◆ **ACTION ITEM**: Please produce a character-exact copy of the listing that follows, omitting all images.

◆ **MATERIAL PROVIDED**:
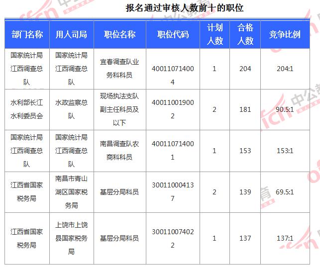 報(bào)名通過(guò)審核人數(shù)前十的職位主要集中在國(guó)家統(tǒng)計(jì)局江西調(diào)查總隊(duì) 水利部長(zhǎng)江水利委員會(huì) 國(guó)家統(tǒng)計(jì)局江西調(diào)查總隊(duì)等部門,具體信息如下:
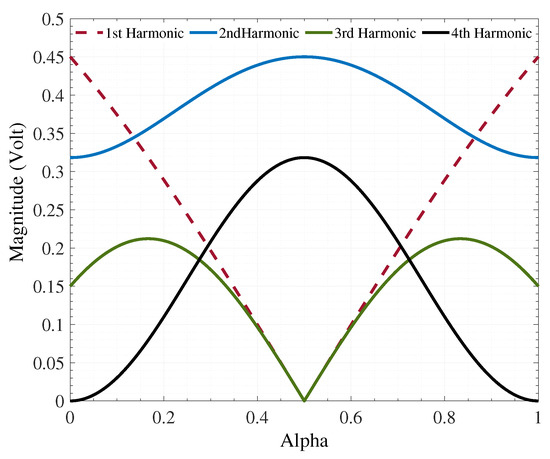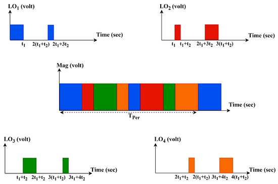 Figure 2 shows the relationship between the clock harmonics magnitudes and . The first four harmonics are illustrated, as this scheme suppresses the rest of the harmonics. The clock harmonics magnitude depends on ; for instance, , the third and fourth harmonics have equal magnitudes, while the first and second harmonics can be easily filtered out. This feature is useful in various wireless systems, such as GNSS reception, particularly for capturing GPS signals L1 (1575.42 MHz) and L5 (1176.45 MHz) using a low-frequency LO of 393 MHz. When , the second and fourth harmonics have high magnitudes, and the first and third harmonics are suppressed. For , the second and third harmonics are significant, the fourth harmonic is suppressed, and the first harmonic can be filtered out. Table 1 displays the varying clock harmonics magnitudes for different values.
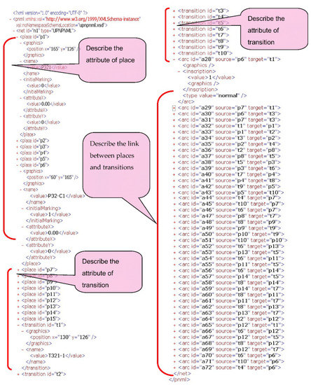 At the symbol level model (the bottom layer in Figure 1), in order to interweave understandable human symbols with a machine-readable format effectively, PNML was adopted as a starting point for a standard interchange format for Petri nets. The XML-based interchange format for the A32 Petri net model is shown in Figure 15. The relationships between the places and transitions and attributes of transitions are noted in this figure.

◆ **ANSWER SECTION**:
 報(bào)名通過(guò)審核人數(shù)前十的職位主要集中在國(guó)家統(tǒng)計(jì)局江西調(diào)查總隊(duì) 水利部長(zhǎng)江水利委員會(huì) 國(guó)家統(tǒng)計(jì)局江西調(diào)查總隊(duì)等部門,具體信息如下:
 Figure 2 shows the relationship between the clock harmonics magnitudes and . The first four harmonics are illustrated, as this scheme suppresses the rest of the harmonics. The clock harmonics magnitude depends on ; for instance, , the third and fourth harmonics have equal magnitudes, while the first and second harmonics can be easily filtered out. This feature is useful in various wireless systems, such as GNSS reception, particularly for capturing GPS signals L1 (1575.42 MHz) and L5 (1176.45 MHz) using a low-frequency LO of 393 MHz. When , the second and fourth harmonics have high magnitudes, and the first and third harmonics are suppressed. For , the second and third harmonics are significant, the fourth harmonic is suppressed, and the first harmonic can be filtered out. Table 1 displays the varying clock harmonics magnitudes for different values.
 At the symbol level model (the bottom layer in Figure 1), in order to interweave understandable human symbols with a machine-readable format effectively, PNML was adopted as a starting point for a standard interchange format for Petri nets. The XML-based interchange format for the A32 Petri net model is shown in Figure 15. The relationships between the places and transitions and attributes of transitions are noted in this figure.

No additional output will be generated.